1. Field of the Invention
This invention relates in general to a new useful method and for determining the rate of flow of particles in a deposition device during the coating of a substrate.
2. Description of the Prior Art
By rate of particle flow is meant the quantity of particles flowing within one second through a predetermined cross-sectional area of the particle current. In the deposition of thin layers on substrates, the measuring of the rate of particle flow is of particular importance since the properties of the layer (structure, constitution, variation of the material composition of the layer due to chemical reactions of the particles during the deposition, etc.) are appreciably influenced by the velocity of deposition so that, for a reproducible application of thin layers, a continuously uniform rate of the particle flow is necessary. Usually, the particle currents needed for the application of thin layers are produced by thermic evaporation or by atomization of the material to be deposited, effected by ion bombardment (for example, by cathode sputtering in rare gases). The substrates to be coated are positioned in the particle current. The rate of condensation on the substrate depends not only on the rate of particle flow but, in addition, on the coefficient of condensation.
The devices for deposition plants, up to date known as ratemeters, are based on the measurement of the vapor density .rho. in the evaporation current in the space between the vapor source and the substrates.
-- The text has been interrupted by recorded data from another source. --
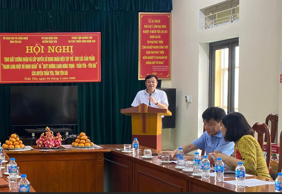 Ngày 24/4/2025, Trung tâm Nghiên cứu và Phát triển công nghệ cao là đơn vị thực hiện dự án đã phối hợp cùng UBND huyện Trấn Yên, phòng Nông nghiệp và Môi trường huyện Trấn Yên, phòng Kinh tế hạ tầng và Đô thị huyện Trấn Yên, UBND xã Hưng Thịnh và Hợp tác xã Cây ăn quả Hưng Thịnh tiến hành tổ chức Hội nghị “Trao quyền sử dụng nhãn hiệu tập thể cho sản phẩm “Quýt đường canh Hưng Thịnh – Trấn Yên – Yên Bái”.
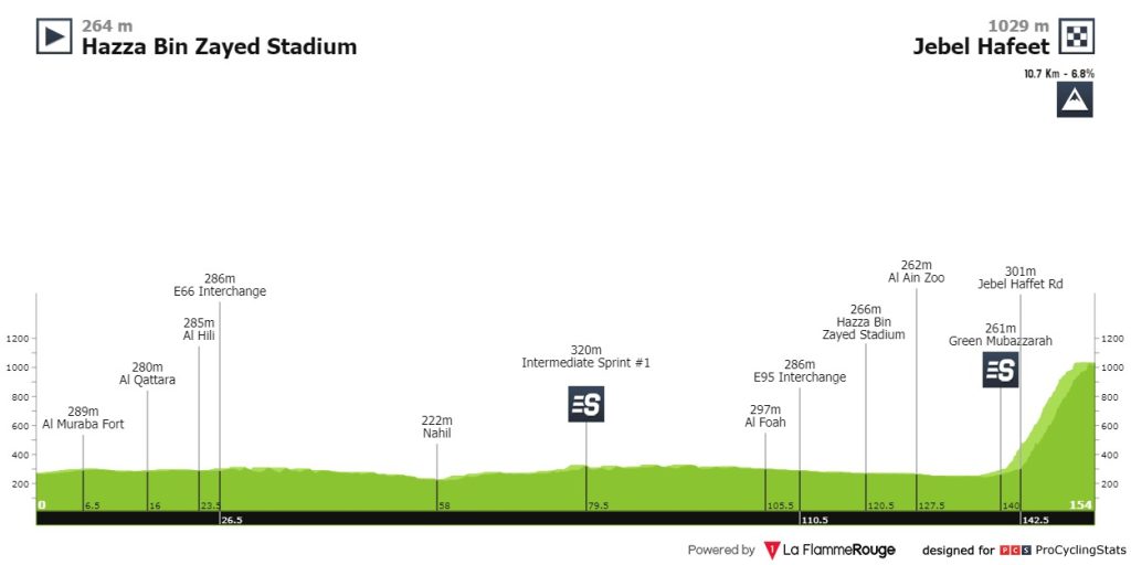 Primeira chegada em alto, final em Jebel Jais, uma subida com 19 kms a 5,6%. Será muito complicado uma equipa controlar e despedaçar o pelotão durante toda a contagem porque é muito raro a estrada empinar a mais de 7%. Geralmente mais de 20 ciclistas terminam nos mesmos 30 segundos e não é incomum vermos um sprint entre 1 dezena de corredores.
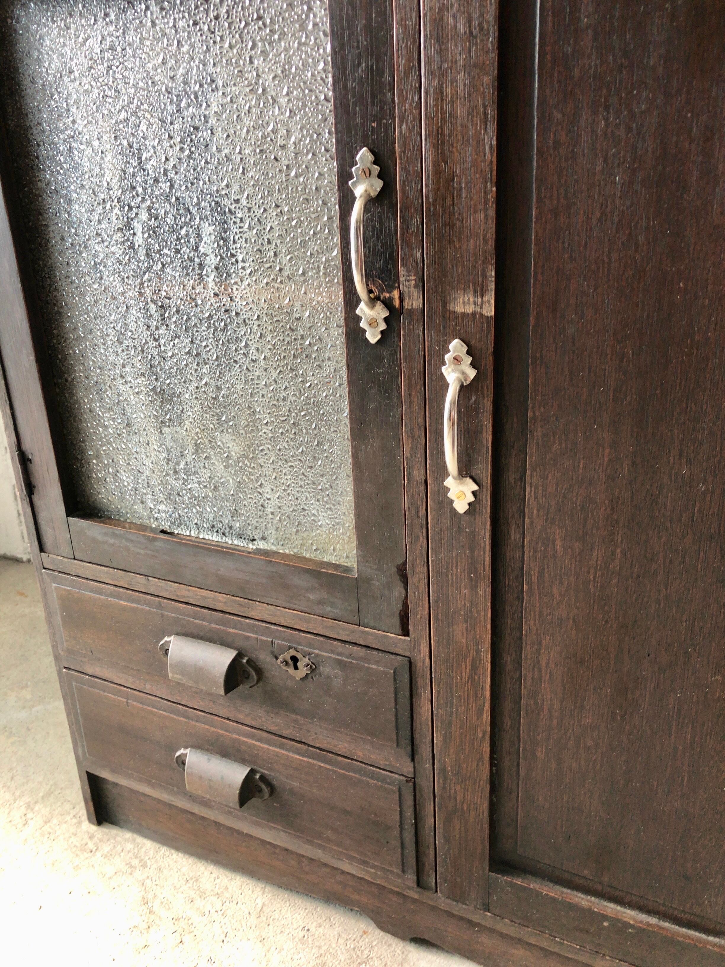 古い収納棚になります。スレや欠け、割れ、当たりキズ、落としきれない汚れなどがあります。引出しはB5サイズが入る大きさです。扉戸のガラスは特に割れもなく、開閉は比較的スムーズに行え、使用上問題なくお使いいただけます。収納中の板は取り外し出来ます。全体的に状態も良いのでまだまだ実用的に活躍してくれます。
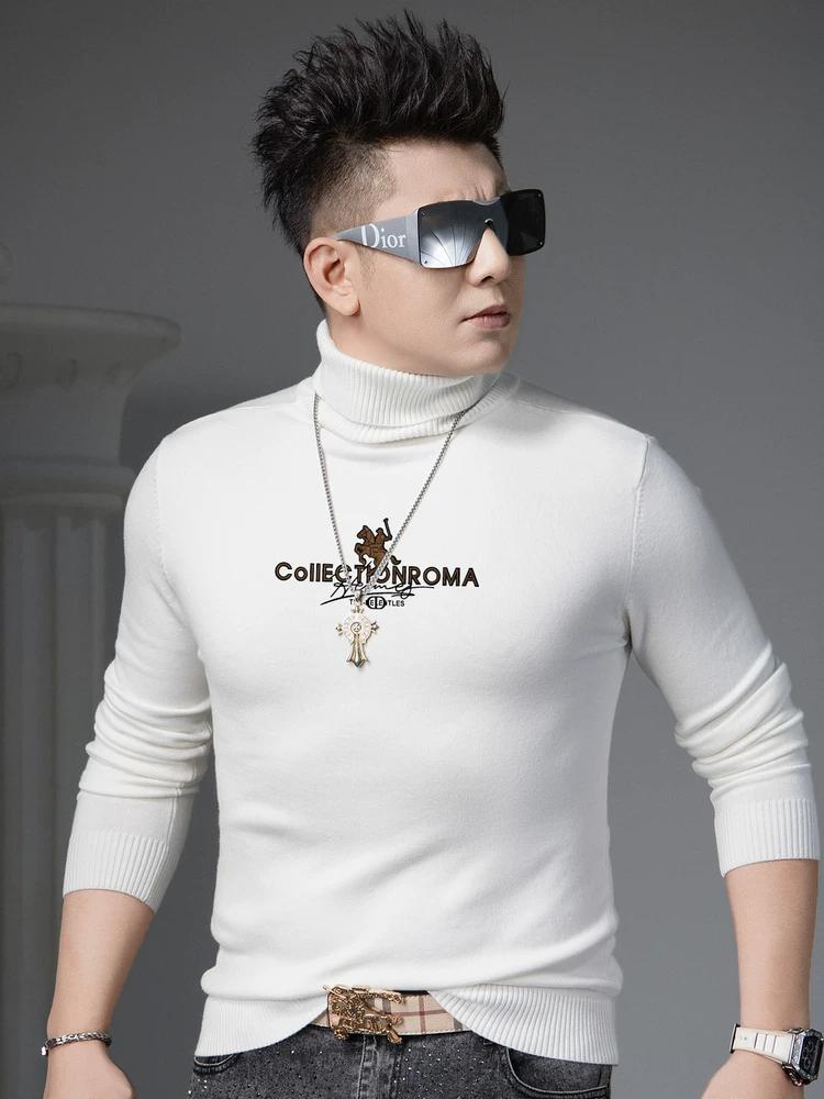 Ozhouzhan 2025 Autumn and Winter Warm Turtleneck sweater Men's Trendy Print Knitted Bottoming Shirt Inner wear Sweater
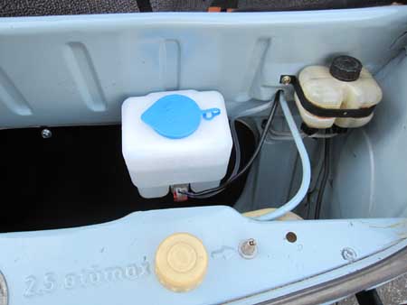 タンクはフロントホイールハウスに取り付け、スイッチはワイパースイッチの下に取り付けました。
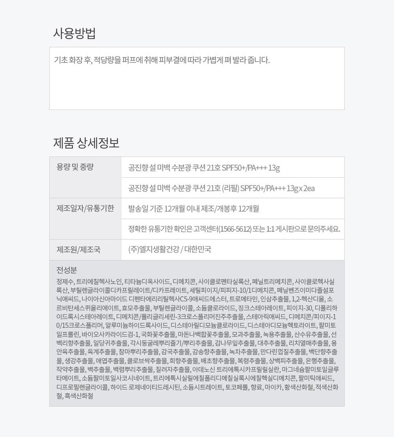 | 4. 사용방법 | 기초 화장 후, 적당량을 퍼프에 취해 피부결에 따라 가볍게 펴 발라 줍니다. |
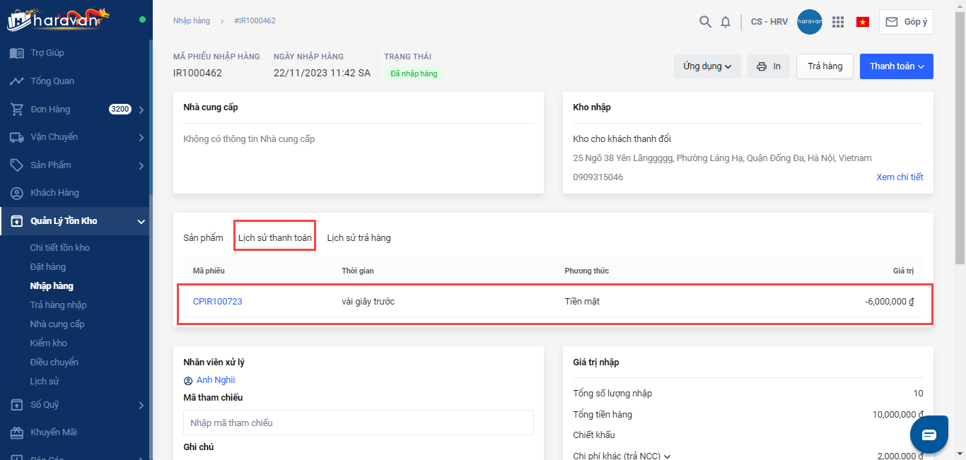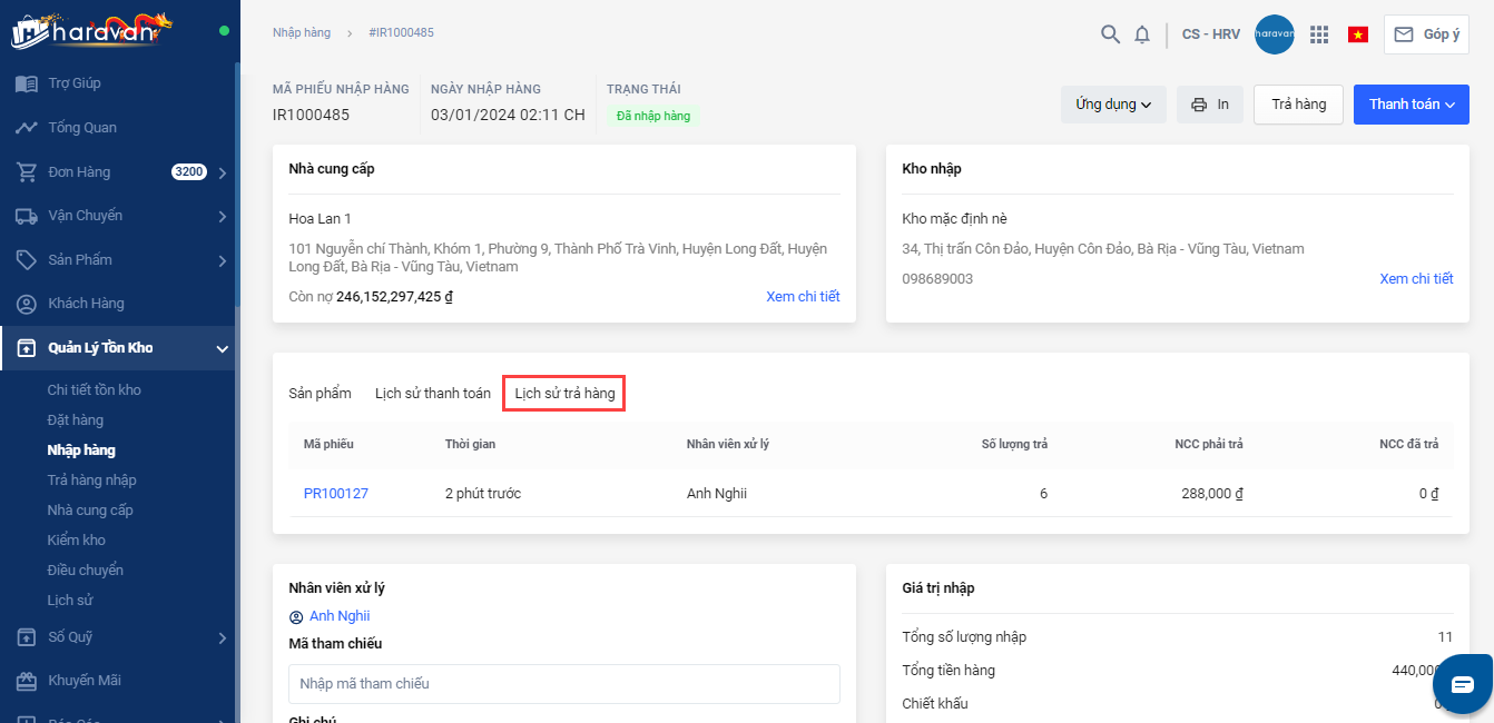 Mỗi phiếu nhập hàng có thể trả hàng nhiều lần cho đến khi hết số lượng sản phẩm trên phiếu nhập hàng, mỗi lần trả hàng, hệ thống sẽ ghi nhận lại trong lịch sử trả hàng. Bạn có thể xem lại lịch sử trả hàng trên từng phiếu nhập như sau:

Usually, this density is determined by measuring the vapor pressure by means of an ionization manometer into which the vapor particles are directed. Its relation to the evaporation rate R is given by the formula EQU R = .rho. . v
where v is the average velocity of the vapor particles in the direction from the source to the substrate. This velocity has not been measured in vacuum-deposition devices as yet. The use of a vapor density measuring instrument as a ratemeter was based on the assumption that, in a certain evaporation process in a given device, a measured vapor density is always associated with a definite velocity v which remains constant from measurement to measurement. This assumption, however, in general, is not correct with a sufficient accuracy so that a secure measuring of the rate merely by measuring the vapor density is not possible.
In addition, in the known measuring instruments, which must be located within the deposition device, disturbances occur frequently insofar as parts of the measuring equipment, for example, the electrodes of an ionization manometer, become coated themselves.
Another kind of known ratemeter uses the variation of the natural frequency of an oscillator quartz located in the device, which frequency variation results from the coating and is determined by means of electronic measuring equipment. From the frequency variation, the mass deposited per time unit on the quartz surface and, therefrom, the number of particles passing to condensation may be determined. These devices have the disadvantage that they make possible the measuring of the rate of flow only during a limited period of time since the layer deposited on the quartz must not exceed a certain thickness.
Further drawbacks of the known oscillator-quartz ratemeters are the disturbances which are caused by the heat radiation of the evaporation source and by the condensation heat which is released on the quartz surface during the coating thereof. In addition, oscillator-quartz-measuring equipments are susceptible to troubles caused by electric gas discharges which occur in deposition devices, primarily in the various processes of the atomization of solid matter by ion bombardment.